Making the digital economy more inclusive

Across the world, there is a strong belief that machines are quickly approaching and they will take over human jobs.

This fear is not new. From the cotton gin, to the tractor, to the assembly line and beyond, jobs have faced and will continue to face threats from technological advances.

But throughout these disruptions, large-scale unemployment has typically been avoided: either machines could not do many of the innately human things people could do, or technology so drastically brought down costs that new markets were unlocked, in turn requiring more workers to serve new customers.

Technology is rapidly reducing the cost of serving consumers across industries as diverse as financial services, transportation, and hospitality – and is allowing products and services that were traditionally only accessed by the privileged few to reach a wide pool of new customers.

Greater internet and mobile penetration, the development of online market places, and changes in user and consumer behaviour are creating technology-enabled business models across the globe.

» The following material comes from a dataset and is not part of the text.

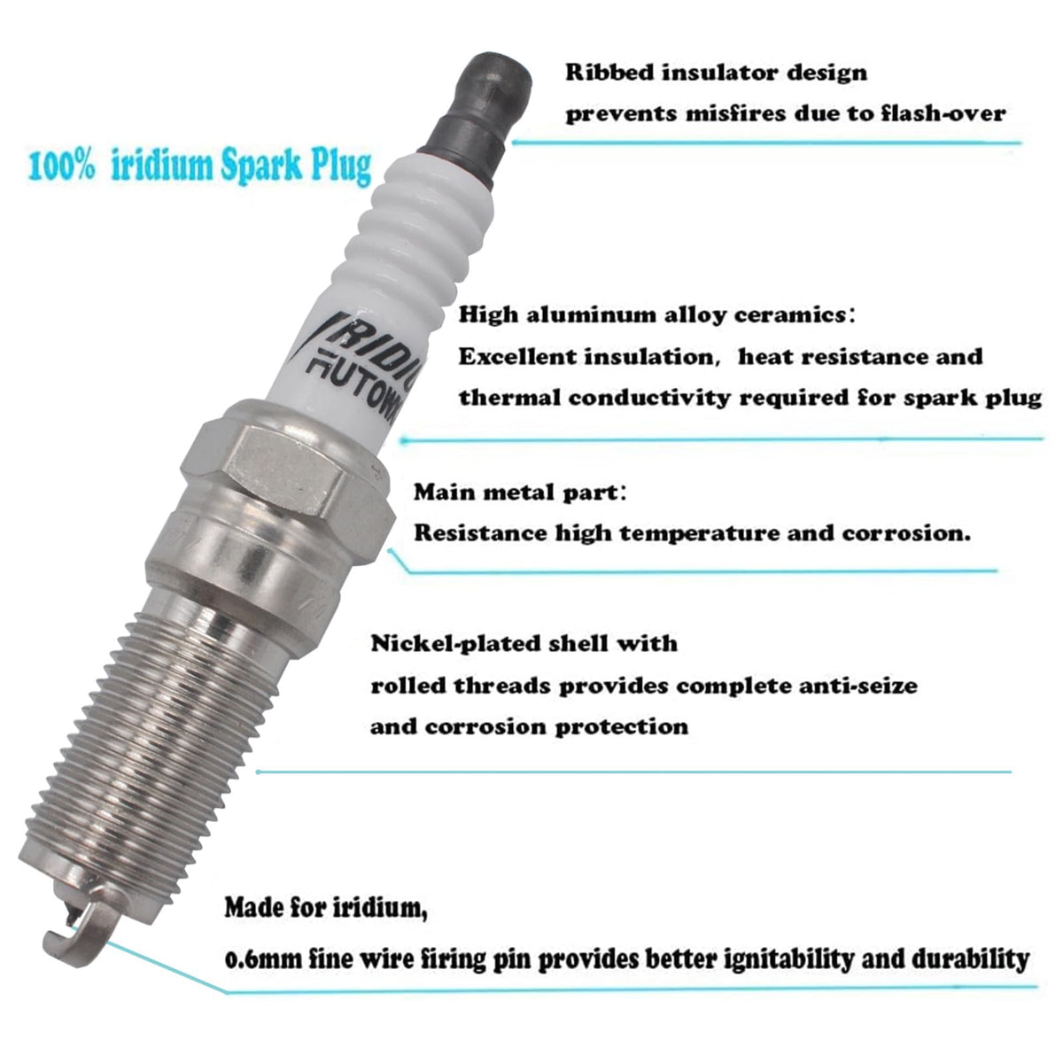 Autowxjq Iridium Spark Plugs are engineered to deliver both high performance and long life, The ultra-fine wire design and laser welded tapered ground electrode deliver optimum performance, while the Iridium center electrode and Iridum tipped ground electrode help it to go the distance. Autowxjq Iridium Spark Plugs are pre-gapped at the factory , for simple, easy installation right out of the box. Unlock the performance in your engine with Autowxjq Iridium Spark Plugs

It is precisely at this juncture that technology can be used to create job opportunities for burgeoning youth population.

As traditional jobs become scarcer in increasingly competitive job markets, the digital economy can support the livelihoods of entrepreneurial individuals seeking to provide services to new customers in new ways.

For workers and policymakers alike, there are good reasons to worry about the impact of technology on jobs. Yet if history is any guide, harnessing the power of new technology to reach new consumers will present tremendous opportunities for digital work and entrepreneurship. But to realize these opportunities our conception of work must change, if the work itself is to follow suit.